Chemistry

Liquid Glass – a New State of Matter

Liquid Glass – a New State of Matter

Physicists have discovered a new state of matter that is hidden within the mysterious transformations that occur between the liquid and solid states of glass. A team of scientists from Germany and the Netherlands discovered, using confocal microscopy, that suspensions of ellipsoidal colloids form an unexpected state of matter, a liquid glass, in which individual particles can move but cannot rotate.

Glass is a truly unique material. Despite the fact that it is a solid, its constituents are not organized in a nice crystalline structure like other solids. Its molecules become stuck in place before they can organize into a crystal. In their quest to understand glass, scientists discovered a new state of matter: liquid glass.

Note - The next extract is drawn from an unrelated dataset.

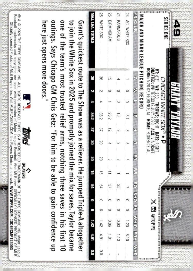 This is a nice example of a 2026 Topps #49 Grant Taylor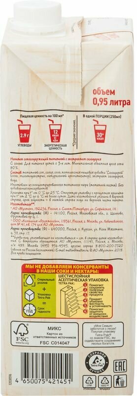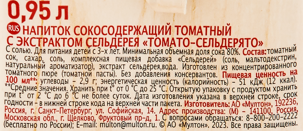 | Состав | Томатный сок, сахар, соль, комплексная пищевая добавка "Сельдерей" (соль, мальтодекстрин, натуральный ароматизатор), экстракт сельдерея,вода. Изготовлен из концентрированного томатного пюре (томатной пасты) |

Liquid glass was created by combining particles that could flow but not rotate. This new state, as reported in the Proceedings of the National Academy of Sciences, provides insight into how regular glass might form.

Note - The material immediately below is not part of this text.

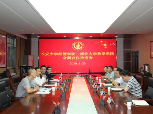 6月20日,长安大学经济与管理学院——西北大学数学学院合作推进会在学院一楼会议室举行。西北大学数学学院院长郭真华、应用统计教研室主任夏志明、金融数学教研室主任勾明、副教授王冬岭一行4人出席会议,我院院长袁长伟、党委书记魏一虎、副书记张建斌、副院长樊建强等参加会议。袁长伟院长主持会议。

Liquid glass was created with particles that were able to flow, but couldn’t rotate. As reported in the Proceedings of the National Academy of Sciences, this new state gives insight into how regular glass might form.

Colloids contain liquid glass because one substance is dispersed through another, but neither substance can separate or settle like in solutions or suspensions. When certain colloids become dense enough, their structure is messed up and they become glassy. It will remain that way until the structure is reorganized.

The use of colloids, which are mixtures of “large” particles dispersed through a second substance, was the starting point for this investigation. Colloids include gels and emulsions. Because these substances can experience many of the phenomena that occur in glass-forming materials, they are an excellent proxy for studying these glass transitions.

The researchers in this study decided to try something different than previous studies. Instead of spherical particles, they created elliptical (egg-shaped) particles for their colloid. They discovered the unusual liquid glass behavior by varying the concentration of these in the mixtures.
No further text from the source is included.